You can the use the command:

*/usr/local/bin/convtoflac.sh -o /var/lib/asterisk/sounds/myfile.wav*
It will then create create a flac file in the same directory as the
source file.

I hope it helps.
Lefteris Zafiris says:

January 4, 2012 at 5:06 am

Note to self: “Never release anything asterisk related without testing
on RHEL/Centos 5″

Thank you for reporting this. I have replaced sox with flac and it seems
to work now on older platforms too (tested on Centos 5 with asterisk 1.4).
You can get the updated code here:
https://github.com/zaf/asterisk-speech-recog/tarball/master
Julian Lyndon-Smith says:

January 4, 2012 at 10:07 am

this looks great – is there any chance of coverting the googletts.agi
to use flac as well ?

Julian
Lefteris Zafiris says:

January 4, 2012 at 10:18 am

In googletts.agi we get the voice data from google in mp3 and we convert
it in a format that asterisk can read and playback (slin). If we store it
in flac asterisk wont be able to read it natively and we would have to
convert it each time we want to play it back to the user.
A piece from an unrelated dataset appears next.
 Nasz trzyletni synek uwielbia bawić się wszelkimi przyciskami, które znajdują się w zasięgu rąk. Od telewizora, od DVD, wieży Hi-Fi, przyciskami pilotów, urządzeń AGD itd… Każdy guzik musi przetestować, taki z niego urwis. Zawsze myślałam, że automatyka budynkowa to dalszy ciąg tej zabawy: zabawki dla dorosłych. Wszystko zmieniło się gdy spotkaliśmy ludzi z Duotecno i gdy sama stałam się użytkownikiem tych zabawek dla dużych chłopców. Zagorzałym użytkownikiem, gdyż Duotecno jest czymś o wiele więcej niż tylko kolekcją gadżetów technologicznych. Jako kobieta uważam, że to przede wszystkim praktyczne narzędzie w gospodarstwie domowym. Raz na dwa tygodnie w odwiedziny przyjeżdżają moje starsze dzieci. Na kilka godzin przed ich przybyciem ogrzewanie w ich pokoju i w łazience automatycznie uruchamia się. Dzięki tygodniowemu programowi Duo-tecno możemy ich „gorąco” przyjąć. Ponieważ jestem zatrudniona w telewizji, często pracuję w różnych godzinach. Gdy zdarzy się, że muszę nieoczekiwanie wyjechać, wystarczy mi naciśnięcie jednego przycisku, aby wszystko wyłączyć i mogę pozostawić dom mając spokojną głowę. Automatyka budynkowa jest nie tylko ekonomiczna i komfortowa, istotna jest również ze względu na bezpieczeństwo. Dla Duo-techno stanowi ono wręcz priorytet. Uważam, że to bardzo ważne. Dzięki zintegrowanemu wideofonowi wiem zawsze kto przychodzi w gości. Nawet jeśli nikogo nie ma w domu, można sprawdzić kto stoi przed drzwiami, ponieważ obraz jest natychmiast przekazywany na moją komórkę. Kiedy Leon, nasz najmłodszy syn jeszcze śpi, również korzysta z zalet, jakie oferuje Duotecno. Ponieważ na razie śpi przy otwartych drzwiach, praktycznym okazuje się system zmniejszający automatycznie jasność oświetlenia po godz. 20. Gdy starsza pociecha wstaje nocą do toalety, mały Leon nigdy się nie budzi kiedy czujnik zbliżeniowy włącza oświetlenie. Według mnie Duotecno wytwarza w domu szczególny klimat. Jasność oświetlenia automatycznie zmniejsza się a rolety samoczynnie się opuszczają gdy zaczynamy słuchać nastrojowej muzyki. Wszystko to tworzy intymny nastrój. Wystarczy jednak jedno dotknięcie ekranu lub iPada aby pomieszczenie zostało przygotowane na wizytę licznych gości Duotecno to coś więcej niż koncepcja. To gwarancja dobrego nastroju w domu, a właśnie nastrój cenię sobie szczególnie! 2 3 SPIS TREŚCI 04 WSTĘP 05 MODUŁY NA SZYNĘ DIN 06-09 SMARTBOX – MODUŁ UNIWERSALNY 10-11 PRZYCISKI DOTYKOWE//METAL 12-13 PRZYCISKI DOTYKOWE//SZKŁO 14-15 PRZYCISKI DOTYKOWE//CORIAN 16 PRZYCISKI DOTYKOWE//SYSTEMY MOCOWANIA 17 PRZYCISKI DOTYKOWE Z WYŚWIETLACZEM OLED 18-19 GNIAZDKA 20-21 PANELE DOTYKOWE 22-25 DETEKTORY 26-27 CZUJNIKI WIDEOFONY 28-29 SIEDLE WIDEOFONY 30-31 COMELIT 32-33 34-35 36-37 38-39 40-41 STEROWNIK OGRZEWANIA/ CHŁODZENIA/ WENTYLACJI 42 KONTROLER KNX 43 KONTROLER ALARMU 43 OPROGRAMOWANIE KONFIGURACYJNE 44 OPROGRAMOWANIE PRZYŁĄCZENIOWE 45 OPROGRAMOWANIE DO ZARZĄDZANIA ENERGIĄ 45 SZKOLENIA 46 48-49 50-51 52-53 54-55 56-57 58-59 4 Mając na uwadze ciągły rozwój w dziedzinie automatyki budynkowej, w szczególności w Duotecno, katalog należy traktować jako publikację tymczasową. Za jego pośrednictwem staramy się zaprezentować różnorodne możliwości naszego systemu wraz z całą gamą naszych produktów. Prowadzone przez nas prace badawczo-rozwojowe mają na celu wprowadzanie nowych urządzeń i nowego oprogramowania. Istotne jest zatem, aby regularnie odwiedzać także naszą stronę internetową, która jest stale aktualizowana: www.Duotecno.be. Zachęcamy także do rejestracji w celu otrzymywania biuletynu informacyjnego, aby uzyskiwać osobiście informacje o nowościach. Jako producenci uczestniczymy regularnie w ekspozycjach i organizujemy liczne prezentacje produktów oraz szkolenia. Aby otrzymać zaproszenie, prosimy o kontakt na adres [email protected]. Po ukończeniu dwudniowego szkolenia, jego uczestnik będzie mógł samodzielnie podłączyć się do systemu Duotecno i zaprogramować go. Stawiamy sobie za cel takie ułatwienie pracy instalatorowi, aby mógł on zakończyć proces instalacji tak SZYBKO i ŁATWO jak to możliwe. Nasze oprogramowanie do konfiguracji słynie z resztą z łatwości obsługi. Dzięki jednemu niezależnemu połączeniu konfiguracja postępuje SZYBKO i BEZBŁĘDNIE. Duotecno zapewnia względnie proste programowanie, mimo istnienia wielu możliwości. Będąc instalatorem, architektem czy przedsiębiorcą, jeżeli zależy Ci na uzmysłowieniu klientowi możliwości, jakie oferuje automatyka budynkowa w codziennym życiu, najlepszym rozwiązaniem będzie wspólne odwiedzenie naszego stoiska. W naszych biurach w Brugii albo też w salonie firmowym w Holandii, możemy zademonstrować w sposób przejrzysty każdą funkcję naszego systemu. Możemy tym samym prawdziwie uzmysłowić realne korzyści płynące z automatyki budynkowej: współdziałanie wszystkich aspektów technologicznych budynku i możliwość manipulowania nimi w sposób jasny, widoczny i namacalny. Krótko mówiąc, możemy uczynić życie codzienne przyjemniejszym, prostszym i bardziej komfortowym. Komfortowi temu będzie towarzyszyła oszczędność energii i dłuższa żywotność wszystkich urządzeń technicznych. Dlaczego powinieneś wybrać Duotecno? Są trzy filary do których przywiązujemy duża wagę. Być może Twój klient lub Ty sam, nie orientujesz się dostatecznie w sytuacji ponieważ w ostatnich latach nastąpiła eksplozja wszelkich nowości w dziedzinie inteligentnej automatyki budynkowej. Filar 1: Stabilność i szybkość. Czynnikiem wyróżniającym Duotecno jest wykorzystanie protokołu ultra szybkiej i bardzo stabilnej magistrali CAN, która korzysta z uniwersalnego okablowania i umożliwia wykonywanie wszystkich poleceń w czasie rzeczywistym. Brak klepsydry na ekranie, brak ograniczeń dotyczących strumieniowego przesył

In the speech recognition script we have to convert the voice data in
flac before sending it to google because that’s the accepted format.

Is there some particular reason you want the googletts.agi data in flac?
Julian Lyndon-Smith says:

January 4, 2012 at 10:24 am

the only reason is that I didn’t want to have to install sox. Lazy.
that’s all 😉 Just another piece of software to find and install

running on amazon ec2, is the best thing to download the source and
compile sox ?

Thanks

Julian
Lefteris Zafiris says:

January 4, 2012 at 10:29 am

It should be on your distro repos already.
Julian Lyndon-Smith says:

January 4, 2012 at 10:34 am

nope 🙁
Bruce B says:

January 4, 2012 at 2:25 pm

Works beautifully. Amazing job Lefteris. Thanks.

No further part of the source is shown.